Records supplied:
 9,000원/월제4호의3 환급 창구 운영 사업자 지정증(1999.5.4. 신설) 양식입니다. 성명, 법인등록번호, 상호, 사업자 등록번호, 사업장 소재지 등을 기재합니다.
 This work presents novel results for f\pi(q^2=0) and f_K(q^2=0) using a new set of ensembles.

...

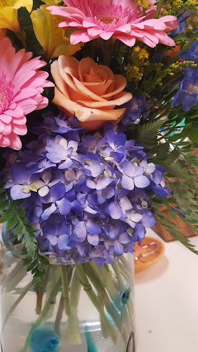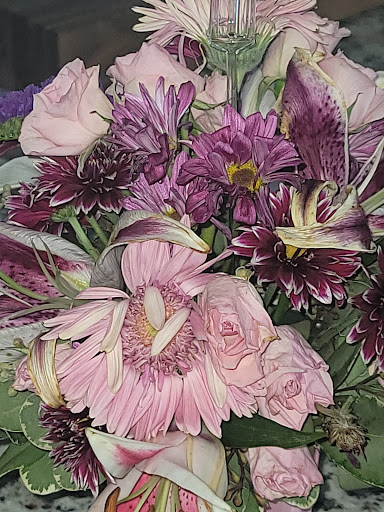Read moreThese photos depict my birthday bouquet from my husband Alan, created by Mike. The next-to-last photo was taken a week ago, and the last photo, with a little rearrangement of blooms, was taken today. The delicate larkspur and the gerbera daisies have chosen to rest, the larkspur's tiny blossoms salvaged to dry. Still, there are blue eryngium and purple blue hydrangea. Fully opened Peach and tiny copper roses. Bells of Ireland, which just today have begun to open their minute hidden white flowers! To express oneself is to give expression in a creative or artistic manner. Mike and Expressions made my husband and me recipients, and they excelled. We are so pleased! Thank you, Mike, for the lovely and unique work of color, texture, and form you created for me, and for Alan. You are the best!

Aim of the exercise: From the line that has "9,000원/월제4호의3 환급 창구" through the line that has "This work presents", copy every line exactly as it appears above, and leave out all others.

Result of the task:
 9,000원/월제4호의3 환급 창구 운영 사업자 지정증(1999.5.4. 신설) 양식입니다. 성명, 법인등록번호, 상호, 사업자 등록번호, 사업장 소재지 등을 기재합니다.
 This work presents novel results for f\pi(q^2=0) and f_K(q^2=0) using a new set of ensembles.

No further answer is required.